Wellingtonians have snapped up about 1000 rainwater tanks in the past month, as families wise up on emergency water supplies.
More than 7500 residents have now invested in the 200-litre tanks, after a Stuff report last month that Wellington could be cut off from the water network for three months if a major earthquake struck.
Wellington Water has previously warned that a high-intensity quake on the Wellington Fault would sever the mains in at least five places, cutting water to Upper Hutt, Wellington and Porirua.
"Sooner or later one of these shakes is going to be a pretty disruptive one, and the little things we do now pay dividends down stream," Wellington Region Emergency Management Office (Wremo) community resilience manager Dan Neely said.
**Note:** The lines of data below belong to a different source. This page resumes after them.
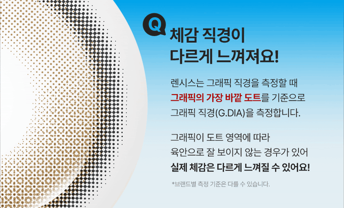 *렌시스 제품의 그래픽에는 착용자의 홍채와 자연스러운 조화를 위한 초미세 윤곽 그래픽이 포함되어 있으며 제품에 따라 실제 착용 시 그래픽 직경(G.DIA)이 0.0~0.2mm 정도 작게 느껴질 수 있습니다.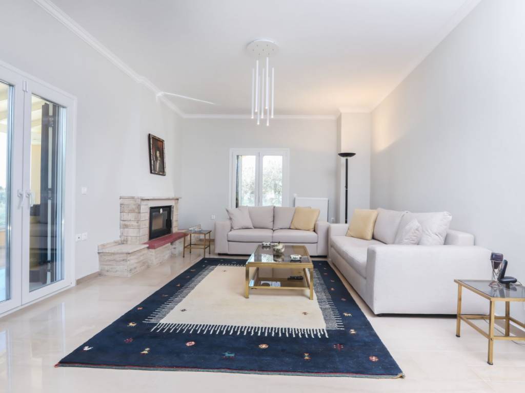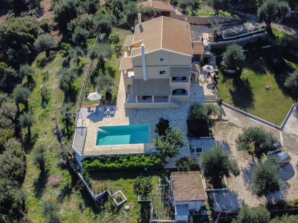Imagine waking up in a villa surrounded by nature, beginning your day by handpicking fresh fruits from the garden before enjoying breakfast and a refreshing swim in your private pool — all while taking in the beautiful views stretching toward Corfu Town. Set in a lush, green landscape among age-old olive trees, this high-end villa offers the perfect balance of privacy, elegance, and connection to nature. Located in Korakiana, one of Corfu’s most traditional and picturesque villages, the property is fully enclosed and accessed through a private entrance, ensuring a sense of seclusion and tranquility. The residence measures 399 sqm and sits within a plot of 6,443.42 sqm, surrounded by exquisitely landscaped gardens that remain vibrant year-round. The grounds are home to a variety of fruit trees, reflecting the abundance of nature in every season. At the heart of the estate lies a stunning swimming pool framed in natural stone and enclosed by a modern glass fence — an inviting space for sun-lit relaxation or evening swims under the stars. The stone terrace surrounding the pool is fully furnished, creating a comfortable and welcoming outdoor living area. Architecturally, the villa blends traditional Corfiot elements with modern design, resulting in a home of refined style and functionality. The interior is arranged across three levels, including a spacious attic loft and additional independent living quarters on the ground floor. This level features two bright bedrooms, two fully equipped bathrooms, a large kitchen, and a comfortable living room — ideal for family gatherings. There is also an autonomous suite with one bedroom, one bathroom, a small kitchen with sitting area, and a storage room, offering flexibility and independence. The first floor opens toward Corfu Town and the Old Fortress, offering a magnificent view. It includes three bedrooms, two bathrooms, a large kitchen, a living room with a fireplace, and a dining area — spaces designed for both comfort and entertaining. On the top level, the large attic loft serves as a peaceful retreat. Its open layout and many windows fill the space with natural light, while the balcony highlights the breathtaking panorama — an ideal spot for quiet reflection. This property is an excellent choice for those seeking a high-quality lifestyle in the serenity of the countryside, yet within easy reach of Corfu Town and all modern amenities.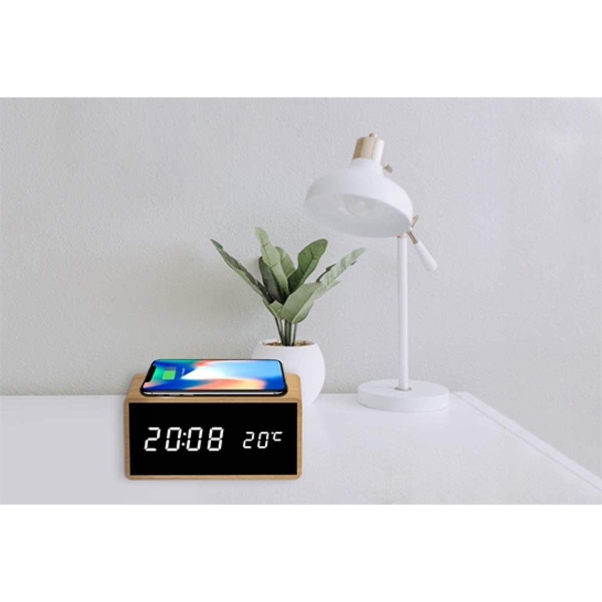 Bamboe Draadloze QI Wekker Digitale wekker – Energiezuinige verlichting met direct effect

The council has estimated each person needs access to at least three litres of drinking water a day. That doesn't include water for pets, cooking and washing.
"I think Wellingtonians recognise their risk ... and are quite good at taking action," Neely said.
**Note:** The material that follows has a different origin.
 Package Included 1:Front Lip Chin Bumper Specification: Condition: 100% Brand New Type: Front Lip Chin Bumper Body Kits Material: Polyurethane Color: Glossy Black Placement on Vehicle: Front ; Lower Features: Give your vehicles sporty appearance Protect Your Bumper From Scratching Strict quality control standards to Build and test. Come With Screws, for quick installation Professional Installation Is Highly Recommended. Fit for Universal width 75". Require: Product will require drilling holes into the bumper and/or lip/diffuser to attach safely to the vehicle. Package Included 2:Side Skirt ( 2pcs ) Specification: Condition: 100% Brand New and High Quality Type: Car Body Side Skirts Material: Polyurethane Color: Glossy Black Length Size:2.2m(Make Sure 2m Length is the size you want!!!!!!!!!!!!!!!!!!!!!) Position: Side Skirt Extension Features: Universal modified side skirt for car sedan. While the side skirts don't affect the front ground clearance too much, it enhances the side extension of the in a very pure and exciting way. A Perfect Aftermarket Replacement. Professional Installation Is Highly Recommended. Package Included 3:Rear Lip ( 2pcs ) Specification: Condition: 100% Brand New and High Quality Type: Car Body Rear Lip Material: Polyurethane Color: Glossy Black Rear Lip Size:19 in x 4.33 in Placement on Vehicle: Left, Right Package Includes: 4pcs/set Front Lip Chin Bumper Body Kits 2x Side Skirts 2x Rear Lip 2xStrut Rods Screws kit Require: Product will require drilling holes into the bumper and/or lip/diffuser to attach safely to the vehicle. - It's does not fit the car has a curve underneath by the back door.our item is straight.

The council admits the city's emergency water supply is "a critical issue". It is half-way through a project to install 50 emergency water tanks with between 10,000L and 25,000L capacity around the region.
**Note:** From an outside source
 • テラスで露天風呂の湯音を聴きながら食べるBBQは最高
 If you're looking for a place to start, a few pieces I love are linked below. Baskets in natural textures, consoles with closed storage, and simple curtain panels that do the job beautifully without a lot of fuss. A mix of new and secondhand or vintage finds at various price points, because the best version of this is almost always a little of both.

Rainwater tanks have been available from the Wellington City Council and Wremo since July 2013 for $105.
Neely said Wremo and the council had made sure the tanks were easy to transport and install, and available at the lowest possible cost. From a retailer, the same package would cost about $260.
Neely put the recent surge in popularity down to added media coverage, and mailers about the tanks that were sent out with rates information.
Wremo now has about 150 tanks on back order, and supplier The Tank Guy is producing them "as fast as it can".
Neely's own family, who live on Wellington's steep south coast, has invested in a tank and already used it several times when maintenance had been done in their street.
"We have been off for a day and it's been great. Not having water is hugely stressful."
Neely witnessed the aftermath of Hurricane Mitch in Honduras in the late 1990s, and the effects of the 2004 Indian Ocean tsunami on Sri Lanka.
Both displaced 1.5m people and, in some parts, cut off entire water supplies.
"I've seen it firsthand – for communities [in Wellington] that would have to lug water uphill to their homes, that would be a real challenge for a lot of people."